Sementara banyak spekulasi saat ini tentang perang nuklir berfokus pada kengerian pengeboman itu sendiri.
Penelitian ini, yang dilakukan oleh para peneliti di Universitas Rutgers di AS, menunjukkan bahwa penderitaan yang sebenarnya akan datang pada tahun-tahun setelah konflik.
Ketika terputusnya pasokan rantai dan kehancuran infrastruktur lokal akan diperparah oleh efek musim dingin nuklir pada tanaman pangan.
Efek pendinginan yang akan tercipta ketika abu dari pertukaran nuklir memasuki atmosfer akan mencapai puncaknya dalam satu atau dua tahun.

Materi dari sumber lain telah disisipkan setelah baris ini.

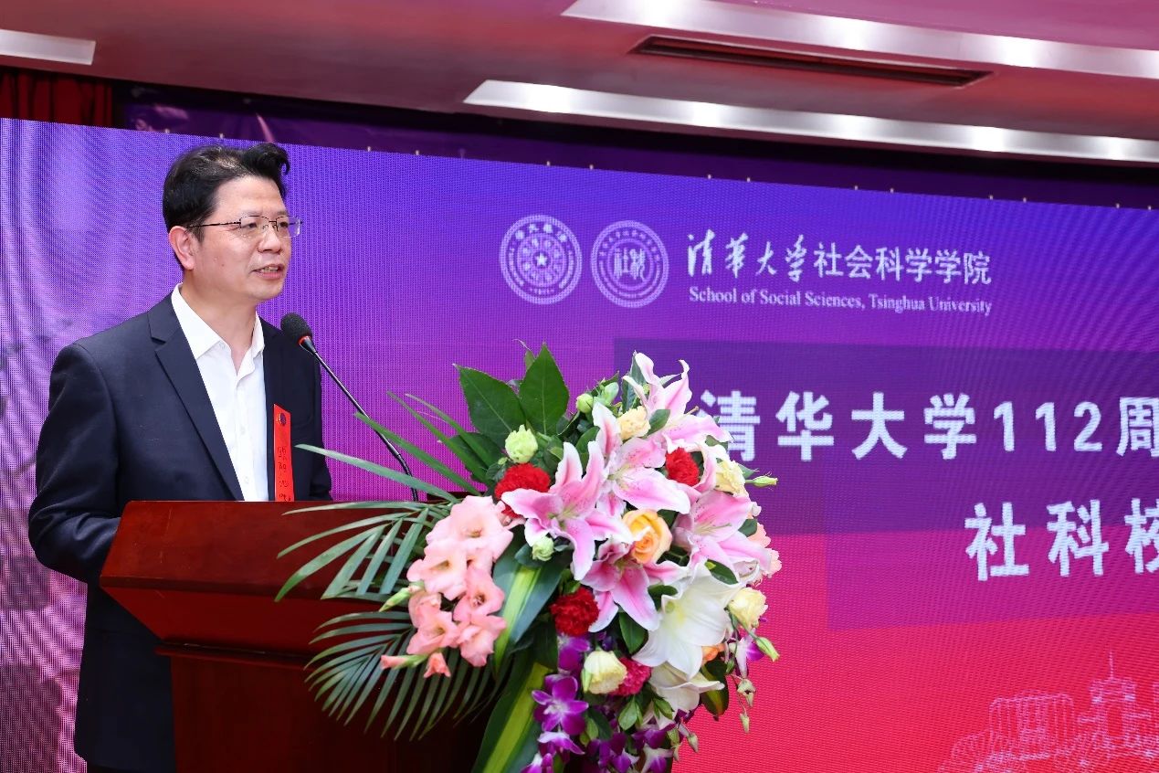 社科学院2004级校友、共青团北京市昌平区委书记金峰作为校友代表发言。他介绍了自己在清华长达17年的学习和工作经历,以及离开母校之后的工作感悟,并对社科学院老师的培养和教导表示感谢。
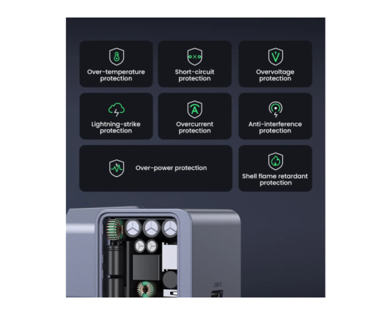 UGREEN zagotavlja maksimalno varnost uporabe, zato je polnilec Nexode Air opremljen s številnimi varovali. Zanesljivo ščitijo pred morebitnimi nevarnostmi, vključno s pregrevanjem, kratkimi stiki, preobremenitvijo, prevelikim tokom in čezmerno močjo. Tako ste lahko prepričani, da je vaša naprava v dobrih rokah!

Tetapi penurunan suhu akan berlangsung selama lebih dari satu dekade dan juga akan melibatkan pengurangan curah hujan, menurut model yang digunakan oleh peneliti.
Fluktuasi sumber makanan utama, termasuk jagung, beras, gandum musim semi, dan kedelai, serta padang rumput ternak dan perikanan, semuanya diperhitungkan dalam model.
Sementara distribusi makanan di antara negara-negara yang tidak langsung terlibat dalam perang nuklir akan bergantung sebagian pada aliansi politik yang ada, rute perdagangan, dan faktor manusia lainnya yang tidak dapat dimasukkan ke dalam model iklim yang digunakan dalam penelitian ini.
Pola cuaca model menunjukkan penggerak angin, awan asap dan abu ke langit di atas produsen makanan utama seperti AS, China, Jerman, dan Inggris, pada akhirnya mengakibatkan penurunan 90% pasokan pangan dunia.
Mengingat bahwa AS dan Rusia, keduanya pengekspor makanan utama, akan melihat kapasitas produksi pangan mereka bisa terganggu jika tidak sepenuhnya dihancurkan oleh perang nuklir itu sendiri.
Hasilnya akan sangat menghancurkan bagi negara-negara yang bergantung pada impor pangan untuk bertahan hidup.
"Data memberitahu kita satu hal: Kita harus mencegah perang nuklir terjadi," kata profesor ilmu iklim dan rekan penulis studi Alan Robock.
Sementara memusnahkan umat manusia sepenuhnya akan membutuhkan persenjataan seukuran negara adidaya, seperti Rusia dan AS.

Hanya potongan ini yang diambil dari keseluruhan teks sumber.